Evaluate combinations and compare RMSE.


In [None]:
params = [
    {"max_depth":2, "min_samples_leaf":5, "subsample":0.8},
    {"max_depth":3, "min_samples_leaf":5, "subsample":0.8},
    {"max_depth":3, "min_samples_leaf":10, "subsample":0.8},
    {"max_depth":4, "min_samples_leaf":5, "subsample":0.7},
]

rows = []
for p in params:
    model = Pipeline(steps=[
        ("prep", preprocess),
        ("gb", GradientBoostingRegressor(
            n_estimators=200,
            learning_rate=0.1,
            max_depth=p["max_depth"],
            min_samples_leaf=p["min_samples_leaf"],
            subsample=p["subsample"],
            random_state=42
        ))
    ])
    model.fit(X_train, y_train)
    pred = model.predict(X_test)
    rmse = mean_squared_error(y_test, pred, squared=False)
    rows.append({**p, "RMSE": rmse})

pd.DataFrame(rows).sort_values("RMSE")


## 8. Hyperparameter Tuning (GridSearchCV)
Search a small grid to find a good balance. Report best params and CV score.


In [None]:
pipe = Pipeline(steps=[
    ("prep", preprocess),
    ("gb", GradientBoostingRegressor(random_state=42))
])

param_grid = {
    "gb__learning_rate": [0.05, 0.1, 0.2],
    "gb__n_estimators": [150, 200, 300],
    "gb__max_depth": [2, 3, 4],
    "gb__min_samples_leaf": [3, 5, 10],
    "gb__subsample": [0.7, 0.8, 1.0]
}

gcv = GridSearchCV(pipe, param_grid, scoring="neg_root_mean_squared_error", cv=5, n_jobs=-1)
gcv.fit(X_train, y_train)

print("Best params:", gcv.best_params_)
print("CV RMSE:", -gcv.best_score_)

best_model = gcv.best_estimator_
pred_best = best_model.predict(X_test)
report_best = regression_report(y_test, pred_best, label="GB_best")
report_best


## 9. Feature Importance
Rank features by importance. Discuss clinical or domain sense.


In [None]:
# Extract importance from the final GB step
gb_step = best_model.named_steps["gb"]
importances = pd.Series(gb_step.feature_importances_, index=numeric_features).sort_values(ascending=False)
importances.head(15)


In [None]:
plt.figure()
importances.sort_values(ascending=True).plot(kind="barh")
plt.title("Gradient Boost Feature Importances")
plt.xlabel("Importance")
plt.ylabel("Feature")
plt.tight_layout()
plt.show()


## 10. Interpretation and Reflection
- **Overfitting controls:** [Summarize which settings helped and evidence from RMSE curves.]
- **Metrics used:** RMSE, MAE, R2. Best test RMSE = [value].
- **Expected vs unexpected:** [Note any surprises in feature importance or curves.]
- **EDA linkage:** [Explain how EDA guided feature selection and transformations.]
- **Decision:** Is Gradient Boost a top candidate for Milestone Two depth?

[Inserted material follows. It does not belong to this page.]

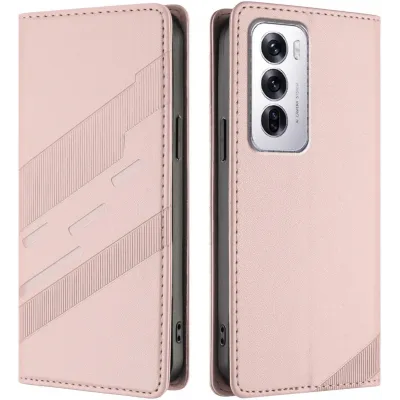 HandyhüllenOppo HüllenOppo Reno12 HüllenPhonesta Embossed Lines Book Wallet Klapphülle für Oppo Reno12 - Rosa

Why?

> Keep this concise and Milestone-ready.


## 11. Sources (APA) + Yellowdig Note
- Pedregosa, F., et al. (2011). Scikit-learn: Machine Learning in Python. *Journal of Machine Learning Research*, 12, 2825–2830.
- Friedman, J. H. (2001). Greedy function approximation: A gradient boosting machine. *Annals of Statistics*, 1189–1232.
- Scikit-learn User Guide (Gradient Boosting).

**Yellowdig post idea:** Share the sklearn User Guide link and justify it as a high-quality source due to clear API docs, examples, and mathematical grounding.